## WHAT THIS TASK INVOLVES
A faithful transcription of all the data, images excluded, is the required answer.
[GIVEN INFORMATION Boundary: Start]
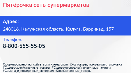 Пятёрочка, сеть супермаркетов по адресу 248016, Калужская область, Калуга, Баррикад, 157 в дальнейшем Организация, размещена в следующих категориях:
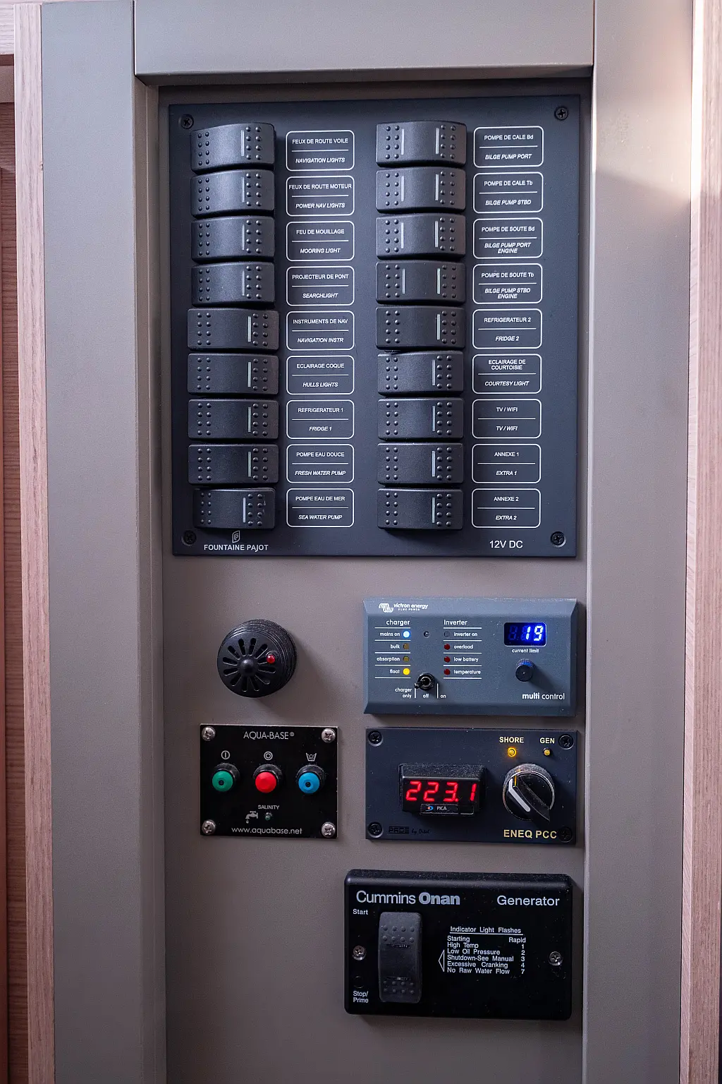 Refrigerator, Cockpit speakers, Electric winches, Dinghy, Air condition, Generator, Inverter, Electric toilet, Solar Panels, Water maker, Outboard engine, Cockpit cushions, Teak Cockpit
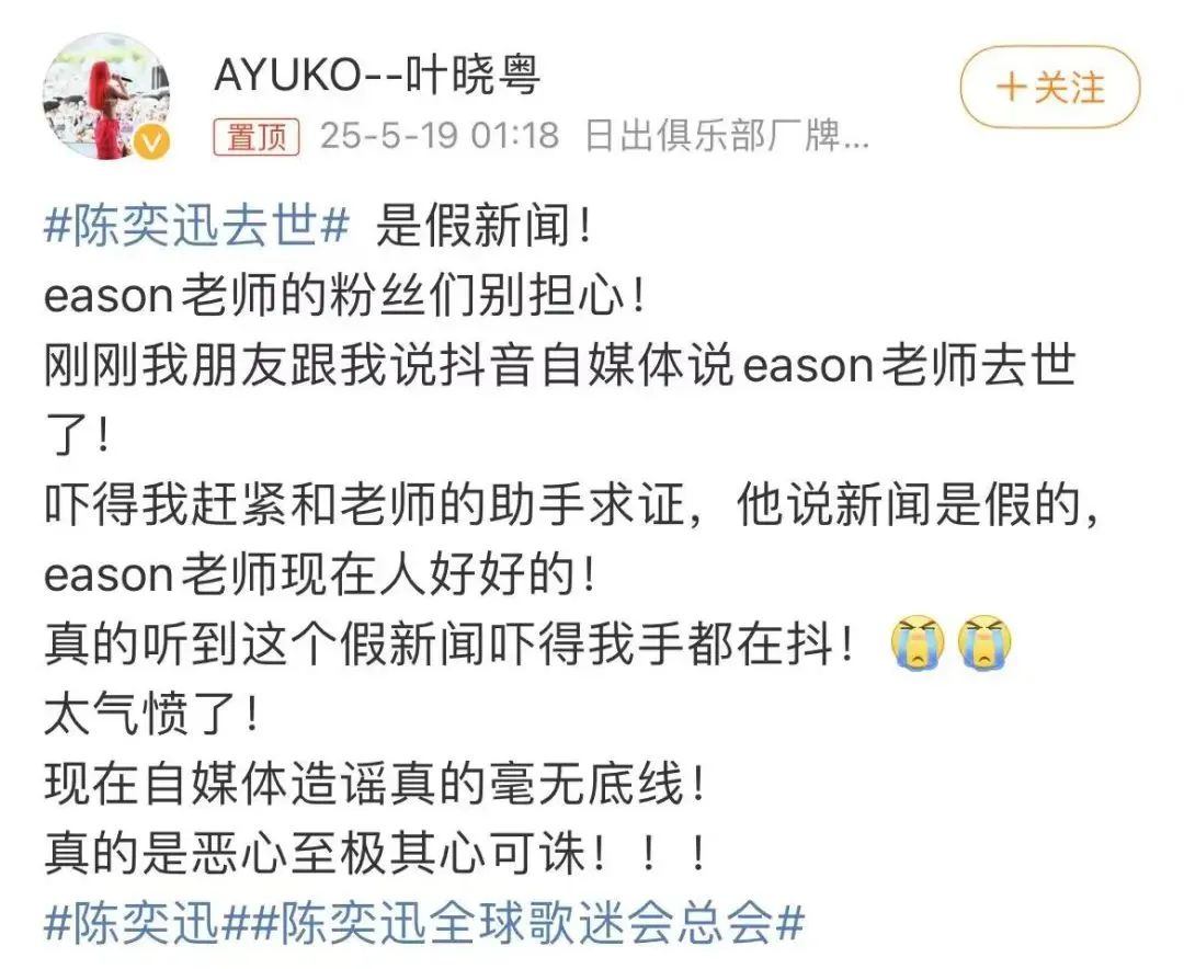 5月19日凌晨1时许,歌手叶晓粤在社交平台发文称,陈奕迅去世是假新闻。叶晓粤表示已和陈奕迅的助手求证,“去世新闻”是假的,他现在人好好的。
[GIVEN INFORMATION Boundary: End]
## PROBLEM SOLUTION
 Пятёрочка, сеть супермаркетов по адресу 248016, Калужская область, Калуга, Баррикад, 157 в дальнейшем Организация, размещена в следующих категориях:
 Refrigerator, Cockpit speakers, Electric winches, Dinghy, Air condition, Generator, Inverter, Electric toilet, Solar Panels, Water maker, Outboard engine, Cockpit cushions, Teak Cockpit
 5月19日凌晨1时许,歌手叶晓粤在社交平台发文称,陈奕迅去世是假新闻。叶晓粤表示已和陈奕迅的助手求证,“去世新闻”是假的,他现在人好好的。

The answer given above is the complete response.